Irish actress started in Brookside, Peak Practice and now Silent Witness. |
ibiza classifieds |
This redhead Beauty used her taste and flair on Style Challenge before showing us her compassion on Pet Rescue, she can now be seen sharing the ‘luck of the Irish’ presenting the mid-week lottery draw. |
Alternative and Hip Hop singer |
Top Model |
Stylish US crooner, pianist, big band |
Management consultant |
F1 Driver with McLaren |
Actress in Last of The Summer Wine and Crossroads. |
Food writer, trend-setter, fashion icon, son of Camilla |
80's Band |
Young South African Internet entrepreneur who paid $20M to go into space. |
After Dinner Speakers: Zsa Zsa Gabor, Paul Kaye, Sarah Kennedy
Hungarian actress Zsa Zsa Gabor is the prototypical "professional celebrity": famous merely for being famous. She started her stage career in 1933 and three years later won the title of Miss Hungary. She followed her sister Eva to America in 1941, but unlike Eva, did not devote herself to acting. Rather, she inaugurated her lifelong career of collecting jewelry, husbands, and front-page publicity.
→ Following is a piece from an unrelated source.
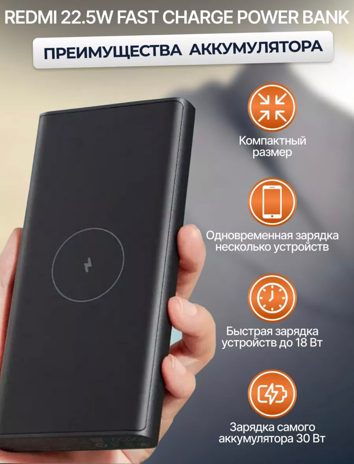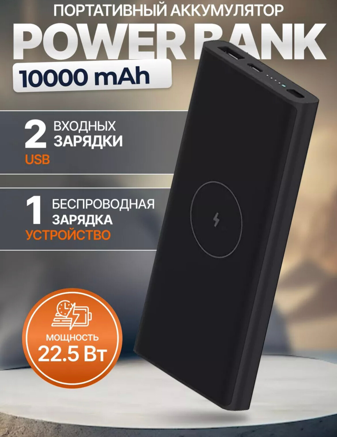 Внешний аккумулятор Xiaomi Mi 10W Wireless (BHR5460GL), USB/USB-C, 3 А, 10000 мАч, черный
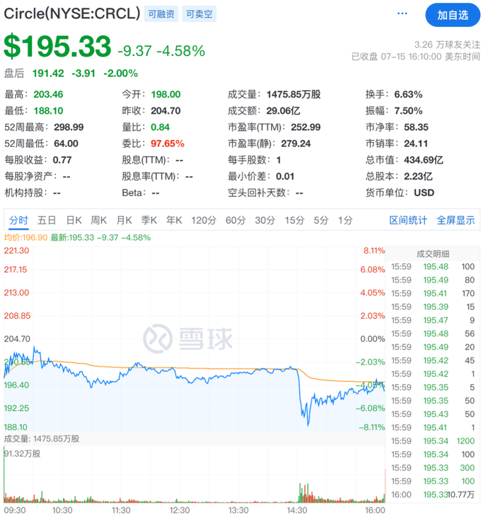 受此影响,美股加密货币概念股集体下挫,全球第二大稳定币发行商Circle Internet股价大幅跳水,盘中一度大跌超8%,最终收跌4.58%,Robinhood、Coinbase亦集体收跌。

Among her many spouses were actor George Sanders (who much later in life would marry her sister Magda) and hotel magnate Conrad Hilton. Operating on the theory that any publicity is good publicity, Gabor has kept herself in the public eye through a series of contretemps with the law. She was once arrested and fined for using profanity in public; she was sued by a "fantasy" theme park thanks to her cavalier attitude toward written contracts; and, in 1990, she provided a cornucopia of material for innumerable nightclub comics by slapping a traffic cop who had given her a speeding ticket (an act which she herself capitalized upon with cameo roles in The Naked Gun 2 1/2 [1991] and The Beverly Hillbillies [1993]). Gabor also joined the ranks of the politically incorrect for flaunting her many animal-fur coats and for refusing to appear in a nightclub when wheelchair-bound patrons threatened to impede her performance. Gabor also made a few movies. She actually came close to a performance in Moulin Rouge (1952), but the bulk of her cinematic achievements were along the lines of The Girl in the Kremlin (1957) -- in which her head was shaved -- and the imperishable Queen of Outer Space (1958).